## Exercise
Transcribe exactly, please, the line bearing "右岸18km付近より対岸を撮影。UAV飛行機を操縦する人達が見える。" and all later lines through the end of the records, with the pictures left out.
[Data excerpts — start]
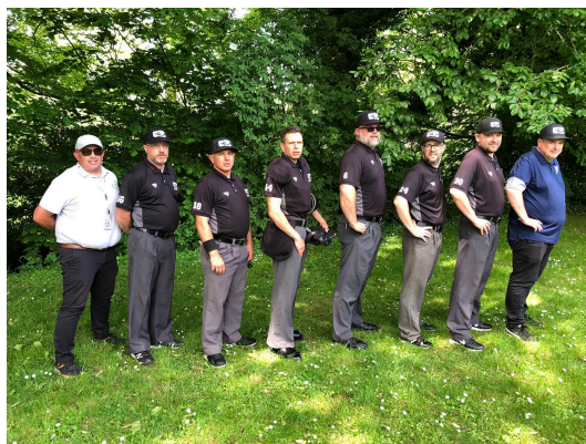
Équipe arbitrale du Challenge de France Baseball
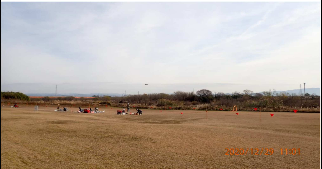
右岸18km付近より対岸を撮影。UAV飛行機を操縦する人達が見える。
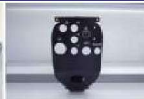
工作機械部品(分線板)
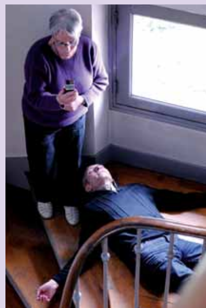
Le texte du dialogue apparaît sur le visiophone 3G.

Ensuite, l'appelant a composé le numéro par l'ordinateur ou le smartphone 3G. Il parlait et l'opérateur répondait en parlant, avec la webcam (caméra sur l'ordinateur). Le texte apparaissait en temps réel sur le cadran du mobile 3G.
[Data excerpts — finish]
## Finished exercise
右岸18km付近より対岸を撮影。UAV飛行機を操縦する人達が見える。
工作機械部品(分線板)
Le texte du dialogue apparaît sur le visiophone 3G.

Ensuite, l'appelant a composé le numéro par l'ordinateur ou le smartphone 3G. Il parlait et l'opérateur répondait en parlant, avec la webcam (caméra sur l'ordinateur). Le texte apparaissait en temps réel sur le cadran du mobile 3G.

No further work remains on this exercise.